- [GIVEN DATA]:
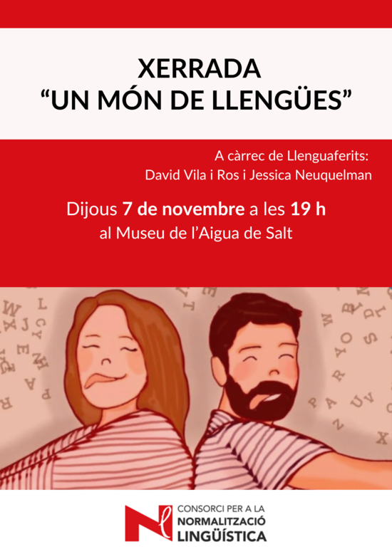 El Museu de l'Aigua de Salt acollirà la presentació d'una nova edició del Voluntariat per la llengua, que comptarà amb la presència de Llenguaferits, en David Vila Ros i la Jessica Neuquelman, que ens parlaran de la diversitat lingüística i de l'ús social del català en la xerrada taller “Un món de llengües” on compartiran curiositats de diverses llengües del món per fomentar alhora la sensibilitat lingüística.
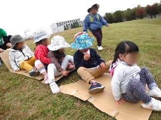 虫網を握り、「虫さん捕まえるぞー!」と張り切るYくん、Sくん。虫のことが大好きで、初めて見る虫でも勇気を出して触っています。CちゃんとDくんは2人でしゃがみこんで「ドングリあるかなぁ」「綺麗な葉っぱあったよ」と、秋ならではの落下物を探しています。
* * *
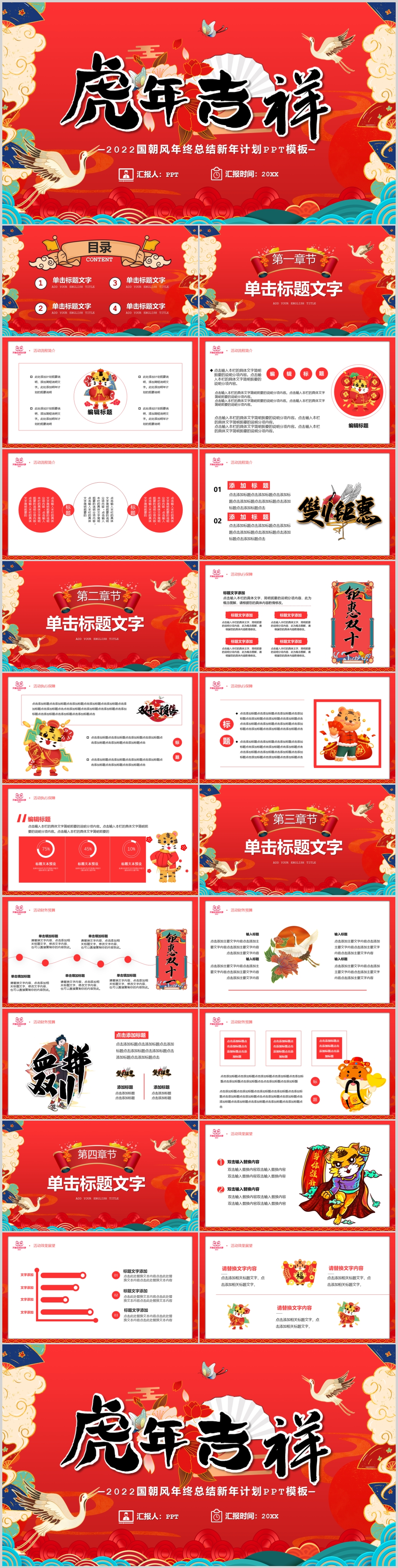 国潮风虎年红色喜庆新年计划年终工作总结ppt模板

- [WORK REQUIRED]:
Look above for the line with "El Museu de" and the line with "虫網を握り、「虫さん捕まえる", then copy exactly the lines from the first through the second, both kept, with no pictures.

- [SOLVED PROBLEM]:
 El Museu de l'Aigua de Salt acollirà la presentació d'una nova edició del Voluntariat per la llengua, que comptarà amb la presència de Llenguaferits, en David Vila Ros i la Jessica Neuquelman, que ens parlaran de la diversitat lingüística i de l'ús social del català en la xerrada taller “Un món de llengües” on compartiran curiositats de diverses llengües del món per fomentar alhora la sensibilitat lingüística.
 虫網を握り、「虫さん捕まえるぞー!」と張り切るYくん、Sくん。虫のことが大好きで、初めて見る虫でも勇気を出して触っています。CちゃんとDくんは2人でしゃがみこんで「ドングリあるかなぁ」「綺麗な葉っぱあったよ」と、秋ならではの落下物を探しています。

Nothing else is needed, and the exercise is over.